Para Jussara Ferreira Marques, cientista política e professora da Universidade de Brasília (UnB) Guedes se encontra em seu momento de maior vulnerabilidade desde o início do governo. “Ele sabe lidar com a pressão do mercado, mas a pressão política é algo novo para Guedes”, disse. Para ela, a reformulação adia o problema, mas não resolve. “O Centrão vai parar agora, mas vai voltar a fazer exigências em breve.” Acuado e sem ter poder de barganha, Guedes tem poucas cartas na mão e precisa usar com sabedoria, porque o Centrão sempre tem uma carta guardada na manga.

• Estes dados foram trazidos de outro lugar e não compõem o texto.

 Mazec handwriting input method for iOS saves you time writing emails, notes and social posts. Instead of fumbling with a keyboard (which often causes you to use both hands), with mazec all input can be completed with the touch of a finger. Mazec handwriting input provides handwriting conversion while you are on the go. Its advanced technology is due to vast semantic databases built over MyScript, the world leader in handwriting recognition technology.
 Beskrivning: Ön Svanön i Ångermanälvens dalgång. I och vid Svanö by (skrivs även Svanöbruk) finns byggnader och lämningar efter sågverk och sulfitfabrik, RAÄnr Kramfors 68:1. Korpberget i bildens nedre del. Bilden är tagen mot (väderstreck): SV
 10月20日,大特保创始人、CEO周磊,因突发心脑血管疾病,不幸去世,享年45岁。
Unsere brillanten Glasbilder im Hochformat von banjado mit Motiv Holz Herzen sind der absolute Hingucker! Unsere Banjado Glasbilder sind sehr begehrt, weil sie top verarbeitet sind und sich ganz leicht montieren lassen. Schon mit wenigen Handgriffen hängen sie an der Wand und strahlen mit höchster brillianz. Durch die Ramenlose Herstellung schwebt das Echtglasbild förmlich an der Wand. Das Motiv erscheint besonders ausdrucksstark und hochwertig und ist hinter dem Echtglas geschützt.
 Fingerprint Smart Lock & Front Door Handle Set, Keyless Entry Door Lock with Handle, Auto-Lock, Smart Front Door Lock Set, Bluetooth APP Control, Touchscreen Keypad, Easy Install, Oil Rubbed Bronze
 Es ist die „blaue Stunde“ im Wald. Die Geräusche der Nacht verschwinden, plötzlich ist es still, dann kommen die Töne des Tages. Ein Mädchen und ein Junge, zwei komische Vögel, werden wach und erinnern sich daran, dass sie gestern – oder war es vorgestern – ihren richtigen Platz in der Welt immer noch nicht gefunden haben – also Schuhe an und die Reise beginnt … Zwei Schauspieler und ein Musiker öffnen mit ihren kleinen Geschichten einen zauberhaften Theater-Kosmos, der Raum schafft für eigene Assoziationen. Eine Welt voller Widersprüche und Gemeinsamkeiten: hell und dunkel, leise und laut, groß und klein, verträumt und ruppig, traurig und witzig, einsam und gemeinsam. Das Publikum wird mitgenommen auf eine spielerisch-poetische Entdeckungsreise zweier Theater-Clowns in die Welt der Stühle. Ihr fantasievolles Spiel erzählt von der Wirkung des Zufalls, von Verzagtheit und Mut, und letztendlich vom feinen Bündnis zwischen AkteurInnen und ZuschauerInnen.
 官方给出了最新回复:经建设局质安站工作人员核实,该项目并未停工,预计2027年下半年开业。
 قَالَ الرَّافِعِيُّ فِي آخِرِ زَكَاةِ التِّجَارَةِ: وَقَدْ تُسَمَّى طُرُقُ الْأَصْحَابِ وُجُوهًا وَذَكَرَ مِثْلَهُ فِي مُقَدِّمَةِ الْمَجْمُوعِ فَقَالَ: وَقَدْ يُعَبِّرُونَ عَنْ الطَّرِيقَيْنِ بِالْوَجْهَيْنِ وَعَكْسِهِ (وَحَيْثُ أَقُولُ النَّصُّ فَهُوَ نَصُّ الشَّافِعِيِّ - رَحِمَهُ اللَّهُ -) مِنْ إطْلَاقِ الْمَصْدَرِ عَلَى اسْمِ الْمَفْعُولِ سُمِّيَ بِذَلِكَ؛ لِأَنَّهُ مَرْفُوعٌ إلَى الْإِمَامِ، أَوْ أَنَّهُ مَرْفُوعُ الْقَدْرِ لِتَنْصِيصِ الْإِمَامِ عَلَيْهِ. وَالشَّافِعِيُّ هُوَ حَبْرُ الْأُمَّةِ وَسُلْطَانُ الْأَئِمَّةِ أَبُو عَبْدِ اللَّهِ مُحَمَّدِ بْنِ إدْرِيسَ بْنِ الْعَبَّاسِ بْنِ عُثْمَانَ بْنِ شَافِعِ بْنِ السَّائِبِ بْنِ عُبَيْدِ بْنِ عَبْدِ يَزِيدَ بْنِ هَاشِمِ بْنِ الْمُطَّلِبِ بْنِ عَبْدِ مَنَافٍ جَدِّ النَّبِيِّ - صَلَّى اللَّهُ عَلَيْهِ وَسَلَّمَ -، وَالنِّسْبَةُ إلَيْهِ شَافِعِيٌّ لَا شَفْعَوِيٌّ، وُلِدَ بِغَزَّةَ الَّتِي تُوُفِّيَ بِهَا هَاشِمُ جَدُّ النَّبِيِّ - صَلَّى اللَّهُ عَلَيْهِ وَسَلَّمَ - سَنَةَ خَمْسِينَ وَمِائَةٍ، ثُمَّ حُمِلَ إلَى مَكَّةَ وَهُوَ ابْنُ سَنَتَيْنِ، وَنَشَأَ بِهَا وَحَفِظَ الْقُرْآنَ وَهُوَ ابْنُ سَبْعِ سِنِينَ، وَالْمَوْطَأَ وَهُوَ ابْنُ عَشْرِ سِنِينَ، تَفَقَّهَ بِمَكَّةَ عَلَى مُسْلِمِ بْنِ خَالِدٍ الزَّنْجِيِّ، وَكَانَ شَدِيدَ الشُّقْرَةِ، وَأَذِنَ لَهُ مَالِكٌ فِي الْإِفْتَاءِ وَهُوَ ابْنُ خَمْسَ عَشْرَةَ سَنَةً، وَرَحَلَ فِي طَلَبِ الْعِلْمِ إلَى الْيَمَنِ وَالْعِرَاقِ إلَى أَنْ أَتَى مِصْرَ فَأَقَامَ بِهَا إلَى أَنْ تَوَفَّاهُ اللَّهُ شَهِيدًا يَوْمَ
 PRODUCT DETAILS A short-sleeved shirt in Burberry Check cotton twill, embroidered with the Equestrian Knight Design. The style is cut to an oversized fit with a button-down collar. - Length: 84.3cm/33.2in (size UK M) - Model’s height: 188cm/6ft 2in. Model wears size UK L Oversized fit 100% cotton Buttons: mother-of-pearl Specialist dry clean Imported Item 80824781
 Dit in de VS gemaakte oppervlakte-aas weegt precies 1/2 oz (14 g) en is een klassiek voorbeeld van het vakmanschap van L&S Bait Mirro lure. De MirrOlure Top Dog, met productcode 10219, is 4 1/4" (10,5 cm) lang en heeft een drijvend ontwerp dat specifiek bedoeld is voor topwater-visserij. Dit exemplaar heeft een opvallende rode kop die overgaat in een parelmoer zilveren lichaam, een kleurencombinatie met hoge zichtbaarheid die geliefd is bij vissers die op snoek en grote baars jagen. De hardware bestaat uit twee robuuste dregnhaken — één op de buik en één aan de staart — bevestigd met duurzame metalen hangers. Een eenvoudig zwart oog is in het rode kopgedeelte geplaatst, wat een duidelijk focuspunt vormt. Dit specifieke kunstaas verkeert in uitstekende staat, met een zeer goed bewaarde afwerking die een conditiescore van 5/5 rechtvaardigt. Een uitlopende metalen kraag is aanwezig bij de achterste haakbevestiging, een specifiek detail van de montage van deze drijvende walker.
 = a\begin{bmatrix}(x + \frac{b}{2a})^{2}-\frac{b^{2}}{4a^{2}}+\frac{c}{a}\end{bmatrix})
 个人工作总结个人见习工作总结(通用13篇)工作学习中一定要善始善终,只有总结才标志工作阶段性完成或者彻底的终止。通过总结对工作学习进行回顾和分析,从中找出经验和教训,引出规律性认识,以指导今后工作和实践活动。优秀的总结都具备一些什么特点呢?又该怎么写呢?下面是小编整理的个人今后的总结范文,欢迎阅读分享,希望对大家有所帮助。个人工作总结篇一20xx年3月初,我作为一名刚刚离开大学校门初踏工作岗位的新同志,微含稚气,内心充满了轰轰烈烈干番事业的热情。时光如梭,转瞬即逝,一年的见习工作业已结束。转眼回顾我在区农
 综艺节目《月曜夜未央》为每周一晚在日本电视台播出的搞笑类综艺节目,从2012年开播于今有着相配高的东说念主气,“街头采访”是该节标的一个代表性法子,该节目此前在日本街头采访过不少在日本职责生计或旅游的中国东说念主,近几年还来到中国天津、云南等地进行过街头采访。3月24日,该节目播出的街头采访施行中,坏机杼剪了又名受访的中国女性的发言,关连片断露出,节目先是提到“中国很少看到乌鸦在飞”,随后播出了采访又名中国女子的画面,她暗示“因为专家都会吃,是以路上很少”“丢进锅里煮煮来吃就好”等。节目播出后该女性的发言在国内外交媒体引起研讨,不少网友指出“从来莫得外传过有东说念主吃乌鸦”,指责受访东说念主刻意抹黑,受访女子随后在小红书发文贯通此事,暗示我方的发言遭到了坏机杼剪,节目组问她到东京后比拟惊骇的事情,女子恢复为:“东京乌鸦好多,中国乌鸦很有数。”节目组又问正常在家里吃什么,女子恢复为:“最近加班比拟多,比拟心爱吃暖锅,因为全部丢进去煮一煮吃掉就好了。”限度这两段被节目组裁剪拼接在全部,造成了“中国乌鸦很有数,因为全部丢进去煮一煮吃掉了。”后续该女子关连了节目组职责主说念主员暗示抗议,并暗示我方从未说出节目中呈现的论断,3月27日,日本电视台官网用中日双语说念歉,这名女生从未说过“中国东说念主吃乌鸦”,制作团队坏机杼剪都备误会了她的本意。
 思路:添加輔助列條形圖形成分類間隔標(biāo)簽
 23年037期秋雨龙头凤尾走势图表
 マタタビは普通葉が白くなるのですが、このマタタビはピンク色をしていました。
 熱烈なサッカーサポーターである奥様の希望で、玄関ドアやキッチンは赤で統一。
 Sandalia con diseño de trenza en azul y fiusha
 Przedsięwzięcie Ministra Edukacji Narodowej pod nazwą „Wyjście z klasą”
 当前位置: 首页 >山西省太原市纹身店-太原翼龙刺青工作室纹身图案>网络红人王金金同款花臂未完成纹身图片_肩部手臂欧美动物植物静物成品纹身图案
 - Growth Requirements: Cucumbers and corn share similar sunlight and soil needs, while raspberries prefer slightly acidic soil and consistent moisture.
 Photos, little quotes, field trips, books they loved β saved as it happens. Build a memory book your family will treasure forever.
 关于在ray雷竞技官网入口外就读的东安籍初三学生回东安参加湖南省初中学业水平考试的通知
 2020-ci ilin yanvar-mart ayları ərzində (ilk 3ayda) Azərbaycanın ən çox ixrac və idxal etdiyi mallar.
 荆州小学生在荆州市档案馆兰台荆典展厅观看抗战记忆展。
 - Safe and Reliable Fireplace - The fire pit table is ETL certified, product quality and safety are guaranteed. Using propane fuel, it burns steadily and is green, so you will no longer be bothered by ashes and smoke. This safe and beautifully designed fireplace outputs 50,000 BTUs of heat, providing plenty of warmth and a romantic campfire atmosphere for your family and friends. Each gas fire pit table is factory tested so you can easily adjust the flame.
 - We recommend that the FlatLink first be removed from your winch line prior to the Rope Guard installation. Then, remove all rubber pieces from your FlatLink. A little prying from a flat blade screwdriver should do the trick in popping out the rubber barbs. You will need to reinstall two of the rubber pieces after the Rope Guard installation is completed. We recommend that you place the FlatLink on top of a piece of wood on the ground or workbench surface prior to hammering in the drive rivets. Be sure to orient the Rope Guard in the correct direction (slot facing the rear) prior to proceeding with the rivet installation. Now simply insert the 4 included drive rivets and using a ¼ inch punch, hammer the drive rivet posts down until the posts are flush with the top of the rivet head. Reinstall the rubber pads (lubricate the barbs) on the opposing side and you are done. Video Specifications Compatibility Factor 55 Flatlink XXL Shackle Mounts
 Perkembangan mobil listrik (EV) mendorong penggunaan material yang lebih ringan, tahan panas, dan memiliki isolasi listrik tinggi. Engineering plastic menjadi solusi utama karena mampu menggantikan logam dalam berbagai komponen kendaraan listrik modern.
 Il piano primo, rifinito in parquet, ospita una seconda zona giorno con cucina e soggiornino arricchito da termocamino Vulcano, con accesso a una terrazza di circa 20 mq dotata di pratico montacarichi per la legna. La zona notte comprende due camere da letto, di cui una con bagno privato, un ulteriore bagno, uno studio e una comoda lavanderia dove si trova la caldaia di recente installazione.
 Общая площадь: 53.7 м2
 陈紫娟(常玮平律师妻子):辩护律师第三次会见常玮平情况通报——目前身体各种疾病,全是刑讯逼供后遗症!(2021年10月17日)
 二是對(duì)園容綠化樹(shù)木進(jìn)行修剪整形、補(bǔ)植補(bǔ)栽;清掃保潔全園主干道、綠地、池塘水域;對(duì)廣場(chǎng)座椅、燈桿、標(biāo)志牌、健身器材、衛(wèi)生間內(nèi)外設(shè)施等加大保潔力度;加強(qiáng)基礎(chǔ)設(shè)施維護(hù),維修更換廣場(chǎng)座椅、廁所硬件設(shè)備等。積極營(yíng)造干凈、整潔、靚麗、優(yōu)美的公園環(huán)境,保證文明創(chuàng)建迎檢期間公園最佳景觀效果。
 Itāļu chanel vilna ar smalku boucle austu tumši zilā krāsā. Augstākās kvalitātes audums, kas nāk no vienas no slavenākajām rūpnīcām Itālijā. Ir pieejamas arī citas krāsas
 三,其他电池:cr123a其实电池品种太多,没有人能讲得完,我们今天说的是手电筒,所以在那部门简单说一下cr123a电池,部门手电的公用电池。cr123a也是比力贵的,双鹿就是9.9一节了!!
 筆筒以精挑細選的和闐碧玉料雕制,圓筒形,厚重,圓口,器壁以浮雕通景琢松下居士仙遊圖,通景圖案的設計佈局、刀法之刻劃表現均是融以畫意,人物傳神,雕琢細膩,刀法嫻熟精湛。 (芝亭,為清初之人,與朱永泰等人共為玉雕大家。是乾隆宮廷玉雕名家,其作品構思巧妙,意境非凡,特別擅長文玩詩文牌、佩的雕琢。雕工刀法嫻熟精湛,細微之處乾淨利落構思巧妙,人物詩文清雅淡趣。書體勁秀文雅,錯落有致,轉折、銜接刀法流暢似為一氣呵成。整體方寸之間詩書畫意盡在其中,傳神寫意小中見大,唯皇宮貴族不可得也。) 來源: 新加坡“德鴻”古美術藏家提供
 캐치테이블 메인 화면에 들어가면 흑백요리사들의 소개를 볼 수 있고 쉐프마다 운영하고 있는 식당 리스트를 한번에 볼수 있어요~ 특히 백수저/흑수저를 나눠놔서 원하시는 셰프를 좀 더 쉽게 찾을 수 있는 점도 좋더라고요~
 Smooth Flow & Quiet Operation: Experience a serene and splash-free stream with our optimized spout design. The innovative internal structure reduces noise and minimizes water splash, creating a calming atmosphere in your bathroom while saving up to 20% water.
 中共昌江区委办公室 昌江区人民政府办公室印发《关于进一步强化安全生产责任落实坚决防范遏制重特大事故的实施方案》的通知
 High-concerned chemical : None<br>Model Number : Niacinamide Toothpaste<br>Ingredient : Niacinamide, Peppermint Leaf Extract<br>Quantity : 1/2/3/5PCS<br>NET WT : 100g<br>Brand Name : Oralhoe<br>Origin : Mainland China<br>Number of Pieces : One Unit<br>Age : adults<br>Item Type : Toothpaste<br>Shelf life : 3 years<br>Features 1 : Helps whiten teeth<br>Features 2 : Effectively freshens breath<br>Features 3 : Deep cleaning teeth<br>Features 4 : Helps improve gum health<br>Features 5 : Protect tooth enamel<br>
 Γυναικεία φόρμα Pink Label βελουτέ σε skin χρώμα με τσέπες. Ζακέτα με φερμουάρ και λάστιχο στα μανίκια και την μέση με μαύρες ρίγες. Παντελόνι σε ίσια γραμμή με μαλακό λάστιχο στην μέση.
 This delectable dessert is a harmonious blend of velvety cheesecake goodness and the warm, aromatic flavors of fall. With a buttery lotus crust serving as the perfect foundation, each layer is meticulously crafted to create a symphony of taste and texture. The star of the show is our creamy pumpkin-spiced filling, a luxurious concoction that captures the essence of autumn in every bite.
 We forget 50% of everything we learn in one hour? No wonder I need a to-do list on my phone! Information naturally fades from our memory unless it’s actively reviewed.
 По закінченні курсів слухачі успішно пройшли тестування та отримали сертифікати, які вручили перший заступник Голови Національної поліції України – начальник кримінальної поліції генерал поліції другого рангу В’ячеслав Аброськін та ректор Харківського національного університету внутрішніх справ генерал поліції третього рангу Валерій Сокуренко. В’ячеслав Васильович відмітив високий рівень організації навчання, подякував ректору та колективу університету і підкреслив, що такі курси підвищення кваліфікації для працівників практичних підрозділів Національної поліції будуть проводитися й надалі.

COISAS QUE APRENDI COM MEU CHEFE

Enquanto as especulações se o Ministério da Economia seria, ou não, invadido por políticos do Centrão cresciam o ministro Paulo Guedes tratou de lançar uma cortina de fumaça para desviar o assunto – e sabemos com quem ele aprendeu essa tática. Minutos após terminar a coletiva, o ministro foi “flagrado” falando o seguinte: “o chinês inventou o vírus, e a vacina dele é menos efetiva do que a americana”. Era o que precisava para as manchetes mudarem. E não sem razão. O ministro da Economia, o comprador de vacinas, fazendo abertamente diferença entre os vendedores? Qualquer código de compliance condenaria isso. Mas nenhum deles foi feito pelo chefe de Guedes. Bastou horas para o embaixador da China no Brasil, Yang Wanming, lembrar que o país é o principal fornecedor de vacinas e insumos de imunizantes ao Brasil. “A vacina chinesa é a vacina brasileira”, disse, em alusão à CoronVac, feita pelo Instituto Butantan. O próprio ministro, inclusive, tomou a vacina do Butantan. O problema não é a nacionalidade da vacina, a intenção é só desviar da verdadeira pergunta. (Paula Cristina).